Jimmy Washam is more than accomplished with a jerkbait, and it’s one of his staples on deck on the Tackle Warehouse Pro Circuit. From Florida to Lake Erie, Washam has cashed checks on a jerkbait and learned a lot about how best to apply it in recent years. Here are a few tricks he uses to put more bass in the boat.
Going to slightly larger hooks is a common practice in smallmouth country, and Washam likes to do it in Florida as well. However, a lot depends on the individual jerkbait.
“In Florida, I will try to upsize the hooks on jerkbaits, because sometimes you catch really big fish and need to lean into them,” he says. “Some jerkbaits, you can’t play with the hooks. The Megabass line, if you go playing too much with the hooks, you can really get it out of sync. The little Bray Z, you can go with a little heavier rear hook. The Strike King baits, you can play with those and get good action out of them with a heavier hook.”
To get a bait deeper, Washam will sometimes go with bigger hooks, but he generally prefers to use lead wire or something like SuspenStrips when his main goal is to add weight.
Most high-end jerkbaits come standard without feathered trebles these days, but there are some times when Washam likes to go against the grain.
“I don’t throw a feathered treble much because it gives drag in the back and takes away from the dart and erratic action,” says Washam. “When you see those little 1-inch shad fleeing out of the water, that’s when I’ll throw a feather on there. The Azuma Bray Z is a good size, you can still get a lot of back and forth erratic action with the feathers and it casts well.”
Generally, Washam only adds feathers when the fish are feeding on small shad in the fall, and then he uses white feathers with maybe a bit of red for the most part. But, if he’s around smallmouth or fish that are feeding on bream, he sometimes likes to go with chartreuse feathers.
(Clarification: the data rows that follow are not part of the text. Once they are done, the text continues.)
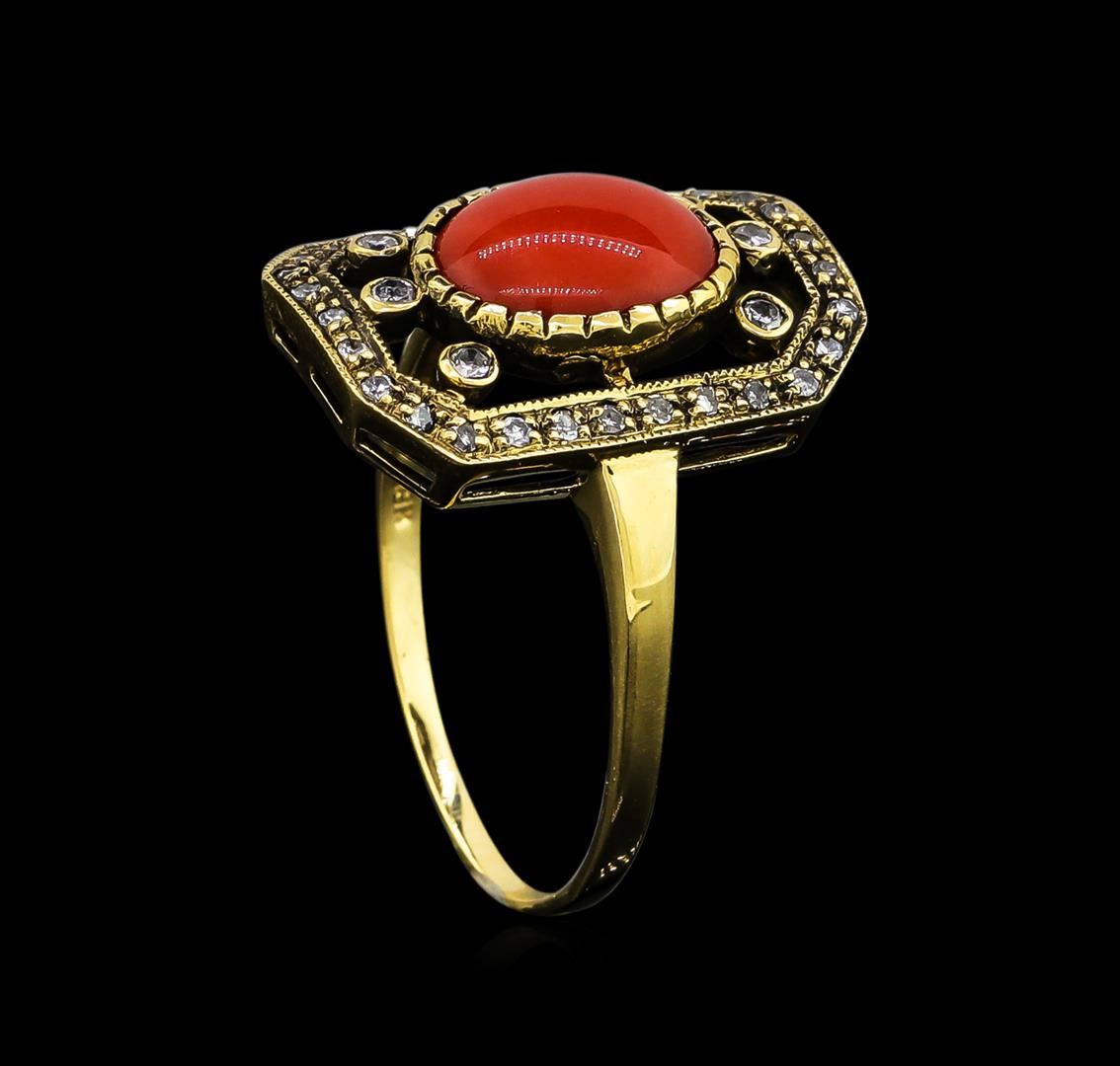 One ring featuring: 18KT yellow gold weighing 3.22 grams containing coral with a total weight of 2.60ct and diamonds with a total weight of 0.23ct.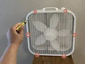 Переверните вентилятор, чтобы получить доступ к задней части рамы.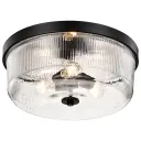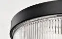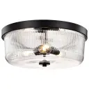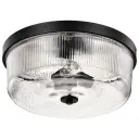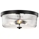 The Grayson Large Flush Mount combines rustic industrial style with contemporary elegance. Its matte black finish and clear ribbed glass create visual interest while providing functional lighting for low-ceiling spaces.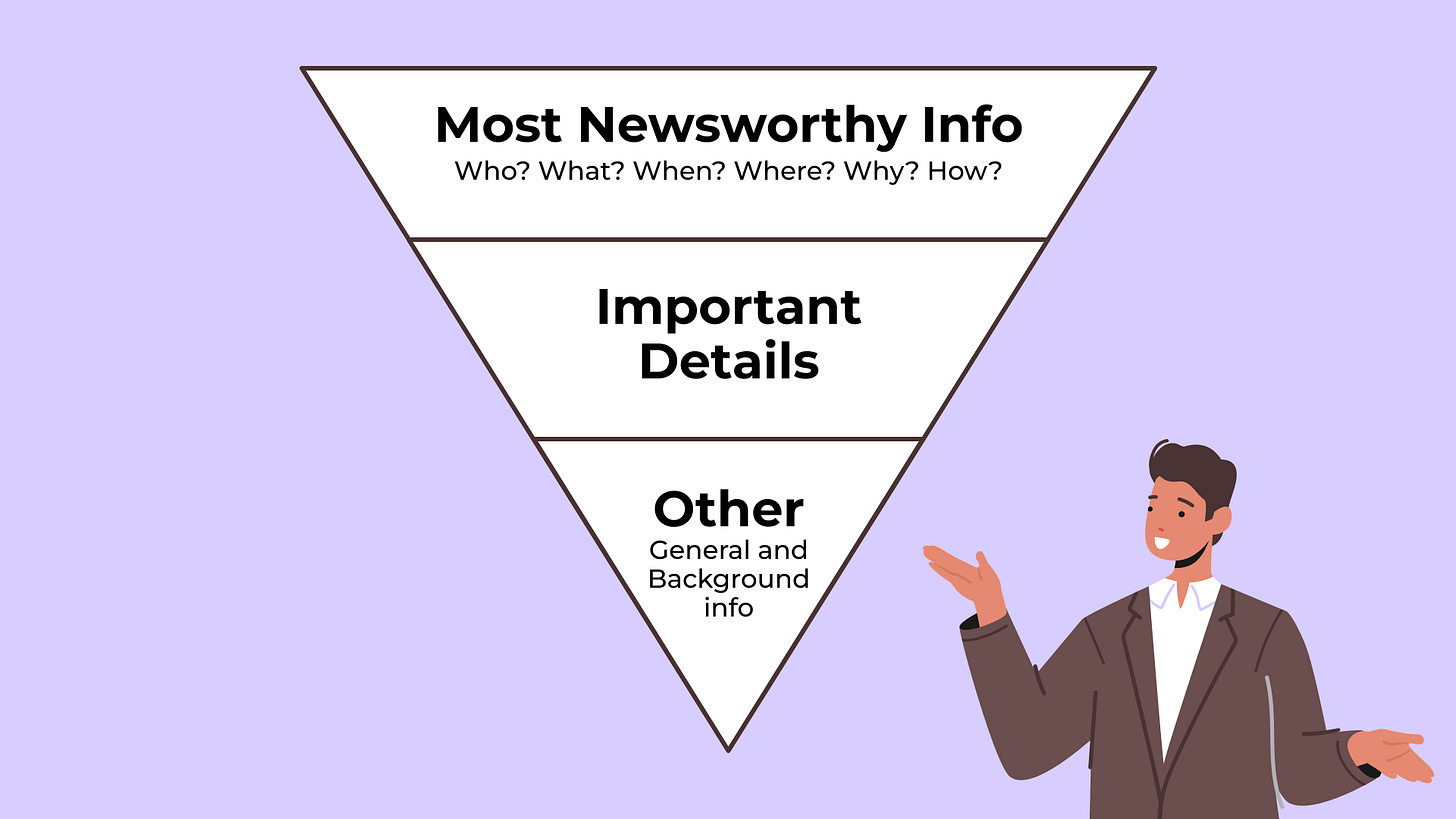 Before you begin writing your press release, think about the most compelling and pertinent messages you want your audience to know right away. This is called the inverted pyramid style, a way of writing where the most important information comes first, followed by supporting details and background, so readers, journalists, search engines, and AI tools get the key points right away.

For his basic jerkbait tackle, Washam goes with a high-speed, 8.3:1 gear ratio reel, a 6-foot, 9-inch, medium-power Hammer Rod and fluorocarbon. However, this year he learned that using a longer rod can sometimes be a player.
“At Lake Murray this year, I had a ton of bites on Day 1,” says Washam. “But because they’re herring eaters, they’re crazy fish. They would hit the bait so fast, they would dart at it and come up behind it and pull off it. It was high-speed, stressful jerkbait fishing.”
On Day 1, Washam bagged 13 pounds, 7 ounces. He put 17-9 on the scale on Day 2 to make the cut.
“On Day 2, I went to a 7-foot rod, because I could get more give out of that longer rod,” he says. “The 7-foot made a tremendous difference when I would get those fish close to the boat. I should have done it on Day 1, but I’ve learned if I’m around smallmouth, spots or herring bass, I want to throw a 7-foot. You get a lot better fish playing capabilities out of the longer rod.”
Still, Washam isn’t about to switch to longer rods exclusively, preferring the 6-9 model because of how he can work the bait.
“What you get with a longer rod, is it takes less effort to make the bait pop,” explains Washam. “But, it’s a totally different action with a longer rod. I can put more slack in the line with a 6-9 and pop it differently.”